I asked him a question about the conversations that he had with his successor Jimmy Rogers and if those conversations involved with how to deal with things outside of football, like dealing with the media. He told me that he never wanted to feel like a lecturer and they had talked about simple questions, but one of the things they talked about in their last conversation they had before Rogers took over was that he better not keep his office in the same shape that Stiegelmeier did.

That made me think of the first time I met Stiegelmeier. I was a junior in college at SDSU in 2016 and at the time all I had done with The Collegian, the school’s newspaper, is cover men’s basketball and volleyball. My junior year I started as the sports editor at The Collegian and since we didn’t have many sports reporters right away, I had to write the football preview stories and game stories for the first couple weeks.

So, I sent football sports information director Jason Hove an email about meeting with Stiegelmeier and he gave me a certain time to go Stiegelmeier’s office. I didn’t think that was that odd since I had gone to T.J. Otzelberger and other coach’s office’s before, but when I got there was when it felt different than any other coach I had talked to.

I walked into his office and we sat there for about 10 minutes before I asked him any question about football. He asked me where I was from, what year I was in college, if I liked my major and all sorts of stuff before we talked football. After that, he treated me how he would any other reporter, regardless of age, and that made me feel like a legit reporter.

After those first couple weeks I had found someone to write preview and game stories for The Collegian and focused on trying to get some experience on the radio the next few years.

Fast forward to the summer of 2019 and I get hired as a sports reporter at the Register. I took the job because I would be able to continue to cover SDSU sports and the first one on the docket was Jackrabbit football. I went to a fall practice in August and Stiegelmeier came up to me and he remembered who I was and asked the same sort of questions that he had asked me three years prior.

Every practice I went to after that he would come up to me right after I got there, would ask me how I was doing and who I wanted to talk to that day. When I would text him about something, he would get right back to me and when he answered the phone it always began with, “Andrew, how are you?”

He also read my work, which I found out the hard way when he texted me the day an article came out and told me that if I was going to quote him he’d appreciate if I used correct grammar. I don’t think he was doing it as a complaint, but more to help out the both of us, and I appreciated that.

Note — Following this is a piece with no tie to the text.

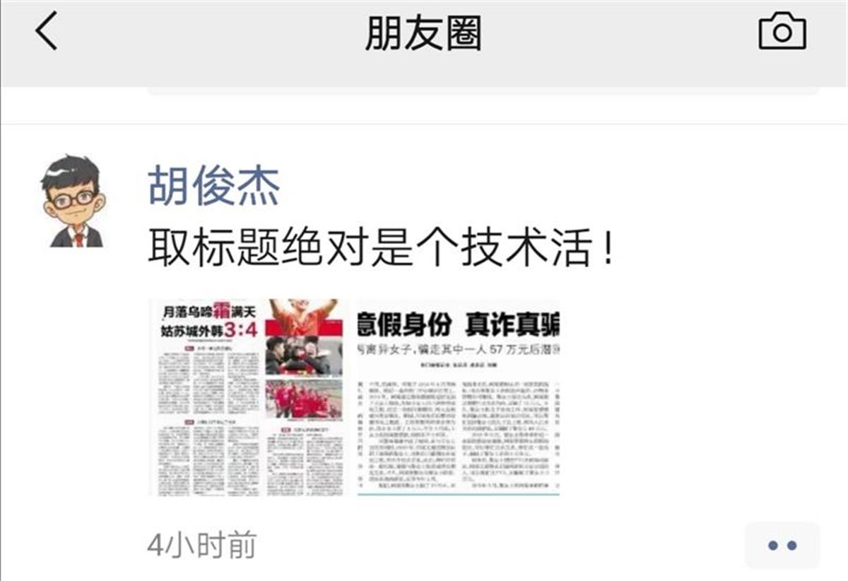 14日一早,《月落乌啼霜满天 姑苏城外韩3:4》版面刷屏网络和朋友圈,同时,头版大图配标题《如果奇迹有颜色,那一定是中国红》,十分醒目。众多媒体观察类自媒体转发并点赞,不少官媒同行也转发打CALL,小编看了,非常非常非常受用啊~~

That’s just how he was. Always legitimately cared about how people were doing and that’s what came first, then football.

Nobody knows that more than his former boss Justin Sell, who has been the athletic director at SDSU since 2009. Sell tried to put into words what Stiegelmeier meant to him last week.

“There’s just things about Stig when you work with them every day,” Sell said. “The people on the outside may get to see a little bit of, but when you live with him, he’s just a magical guy. He welcomed me in. He gave me the grace and wisdom to learn. He wasn’t the demanding football coach, which is hard to find. He frankly was probably our best teammate in the whole athletic department. And guess what? That helps kind of set, if you want a family feel, now others believe in it.

“To have him come in and have confidence, work with me, support me and he helped me figure out what is South Dakota State. He gave me the passion for it. He gave me the ability to see why we’re so special and different. … You know, there’s a lot of scrambling and a lot of drinking through the firehose and trying to manage so many things and to not have that as a worry, and to turn that into how we work together to make this thing great. Over the years our relationship obviously has developed. He’s a family member to me and always will be. I just love him, and he was a big reason why I was able to get off to a great start here.”

In my past nine years of following SDSU football, whether it was as a student or working in the media, I had my doubts as to whether the Jackrabbits would ever hoist the National Championship trophy. Seeing Stiegelmeier finally hold that trophy after the Jacks beat North Dakota State, it was a special moment, and I’m sure a lot of Jackrabbit fans, if not all of them, felt that way.

It makes it even more special that it was his final game as SDSU head coach because he went out on top, and he deserves that. He said a few times before that game that should the Jacks win the title, he would only allow himself to think about himself for 10 seconds and then it would be all about the players. That didn’t shock me at all because of the person he is.

He always put the players first. When the team would lose, he would take the blame. When the team would win, he would immediately credit the players first. He did the same thing with his coaching staff.

So, now that he’s officially done being the head of the Jackrabbit football family, what is he going to do? It took him awhile to figure it out, but he reverted back to spending time with others and putting them first.

“I like gardening,” he said after a long pause. “I hope to tutor in mathematics, in maybe an elementary school as a volunteer. This has been alluded to, my wife and I, Laurie, have been married for 43 years and we’ve been married to football, and each other, and football has made more decisions than we’ve made, which has been a blessing. So, when Laurie says, let’s do this, we’re going to do it. Maybe that’s to go out to the northeast and look at the leaves, which is one of her bucket list deals. It may be to drive see our grandkids, it may be to see my nephew in Montana and his ranch. Things that we have not been able to do. … You guys can call me. I have no friends, so call me anytime.”

As Stiegelmeier hands over the job to Rogers, I hope to have the same relationship with him as I had with Stig. I also hope that Rogers gives me the same access to the team that Stiegelmeier gave me, because not many beat writers get to come to practice whenever they want and talk to whomever they want.

I hope last week wasn’t the last time I get talk to Stiegelmeier because it was always a joy. But I hope that Stig enjoys his life away from football, because it’s all he’s known for the past 35 years.